We describe in a qualitative way a possible picture of the Measurement Process in Quantum Mechanics, which takes into account: 1. the finite and non zero time duration T of the interaction between the observed system and the *microscopic part* of the measurement apparatus; 2. the finite space size R of that apparatus; 3. the fact that the *macroscopic part* of the measurement apparatus, having the role of amplifying the effect of that interaction to a macroscopic scale, is composed by a very large but finite number N of particles.
The conventional picture of the measurement, as an instantaneous action turning a pure state into a mixture, arises only in the limit where N tends to infinity, T tends to zero, R tends to infinity.

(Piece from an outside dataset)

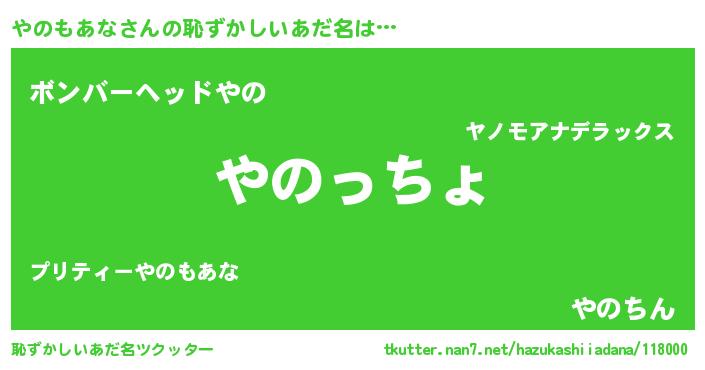 | 意味不明あだ名 | 『やのもあなフォーエバー』 |

The limit where N tends to infinity has been often discussed as the origin of decoherence. We argue here that, as a consequence of the Principle of Locality, before those three limits are taken, no long range entanglement between the values of observables which are spacelike separated far away can be detected (although entangled states for such observables are well known to exist in local theories, simple examples are given in an Appendix). In order to detect correlations, one of the observers has to wait until he enters the future causal shadow of the region employed by the apparatus of the other. Accordingly, in this picture of the measurement process there would be no Einstein Podolski Rosen Paradox. (Similar views had been proposed already [6], [22]). A careful comparison with the growing experimental results of the recent decades might settle the question
The EPR Paradox is one of the most spectacular and disturbing consequences of Quantum theory and Special Relativity. But maybe if we really pay close attention to the microscopic details of the quantum measurement process, the paradox will disappear. This paper doesn't completely resolve these issues, but it does point out some of the idealizations of standard quantum theory that may be contributing to the EPR paradox.